Wednesday, November 12, 2008

nothing left

i know this may have taken some time, but my dad came home that night and didn't come out of his office. right now i am in class, we are supposed to be doing some spreadsheet project but that stuff doesn't matter any more.

i don't want to let out my name, you can call me FI or by my user name, if you really know who i am then it may be trouble for you, or if i really know you.

as i said in the first one there are monsters out there. but lately as i have been studying, there are monsters in us too. all dormit and waiting for their moment to strike, it shows our dark side. it shows what we really want to hide.

my best friend, his monster came out the other night. i should have mentioned him first but the shock.....oh, god he's watching me from across the room. i think he somehow knows i am writing about him. he hurt somebody very close to both of us, i walked in on them as he pounced. both their eyes gleamed with animal insanity. i screamed, and both of them looked at me....the animal faded from their eyes as they saw me.

he reached out for me and i just had to run. the next day at lunch he tried to talk to me, he tried to explain, but i was a coward and i refused to listen. i never wanted to be weak, i need to be strong.

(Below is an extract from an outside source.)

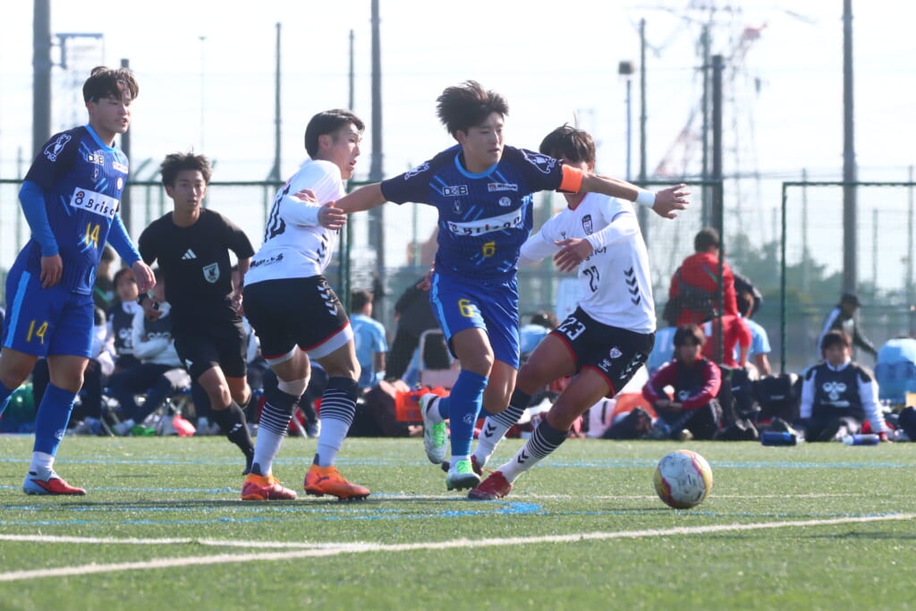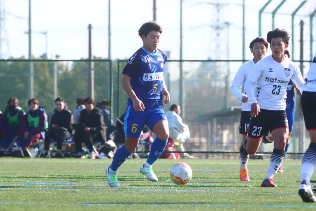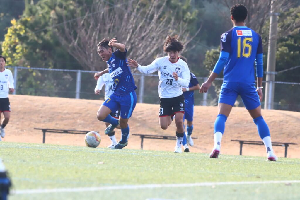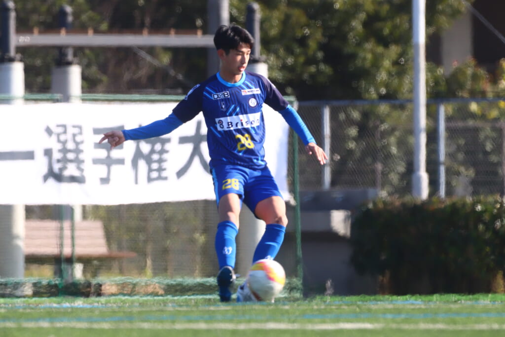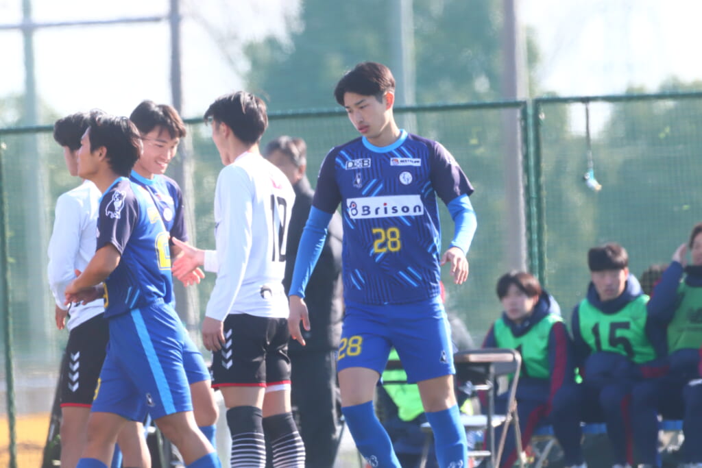先発は、GK12中原碧琉、最終ラインは右から28吉井泰生、4小野成夢、キャプテンの5逵村健斗、ボランチは23大倉慎平、10伊藤翼、右に3滝口晴斗、左に17福永裕也、シャドーに7皿良立輝、14長谷川裟恭、前線には26高川諒希。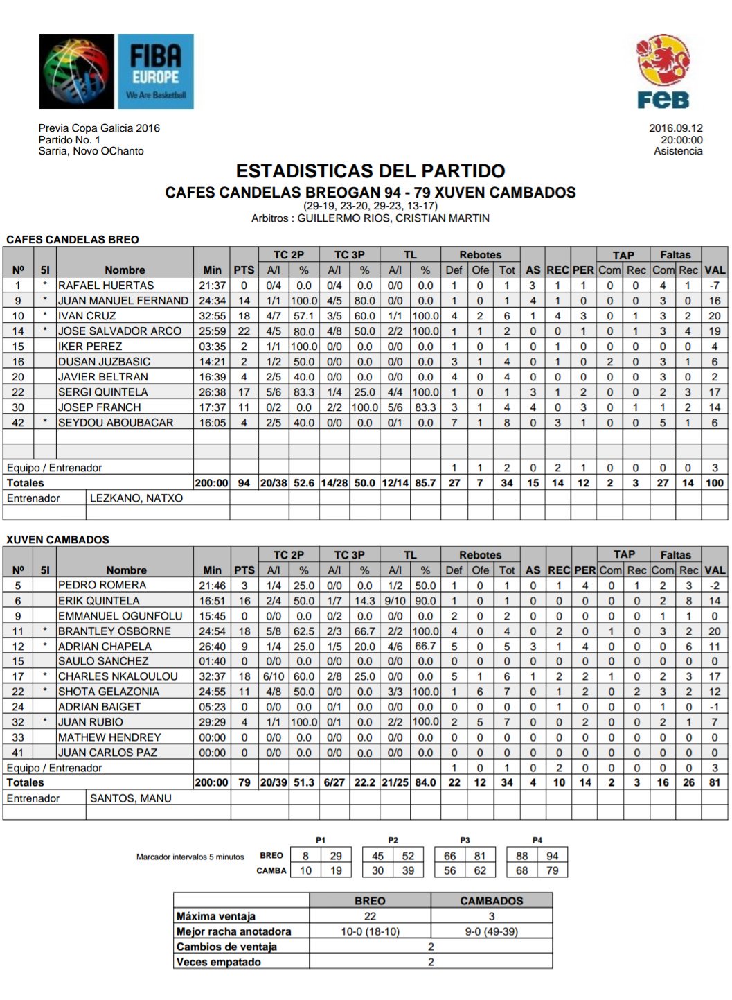 | 12-Set | Cafés Candelas Breogán vs Xuven Cambados (Copa Galicia) | 94-79 | ||||

another person died this week, i knew that person held a key. he's still watching me, but he bowed his head then looked back at me with pain in his eyes. before he whispered something to me.

'i know you have a key.'

-FI

Friday, November 7, 2008

hi hi a thousand times

It's weird, i can't be normal. never have been for that matter. sorry if none of this is really capitalized but i'm in a hurry. any minute dad could come into his office- where i am banned from- and kick me off. who i am is not important, and somethings i say aren't either....but if you get the main point then you are gold.

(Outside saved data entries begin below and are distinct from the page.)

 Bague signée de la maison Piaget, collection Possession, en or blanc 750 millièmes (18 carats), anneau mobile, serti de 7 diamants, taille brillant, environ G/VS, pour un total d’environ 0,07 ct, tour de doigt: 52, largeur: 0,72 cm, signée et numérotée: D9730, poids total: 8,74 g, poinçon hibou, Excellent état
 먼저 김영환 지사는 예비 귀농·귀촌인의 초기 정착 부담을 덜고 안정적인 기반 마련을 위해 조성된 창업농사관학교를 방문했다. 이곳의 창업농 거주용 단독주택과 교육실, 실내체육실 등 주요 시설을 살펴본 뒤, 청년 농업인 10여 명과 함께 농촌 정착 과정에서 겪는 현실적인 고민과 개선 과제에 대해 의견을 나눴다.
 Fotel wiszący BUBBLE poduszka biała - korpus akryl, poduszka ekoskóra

there are bad people out there. i know a lot of them, more than there are in my small town. they want something from us. they need something, they need the key. the key is hidden....someplace where they will never find it.

few know where the key is....the knowledge will be born into them.....they can save everything. please if you know the secrets, dont tell a soul. our world is in your hands, the millions of lives....dont sentence them to a death not even you can comprehend.

damn, my dad's coming. i'll write back as soon as possible. please, it is our world at risk. some are the key, they know what to do.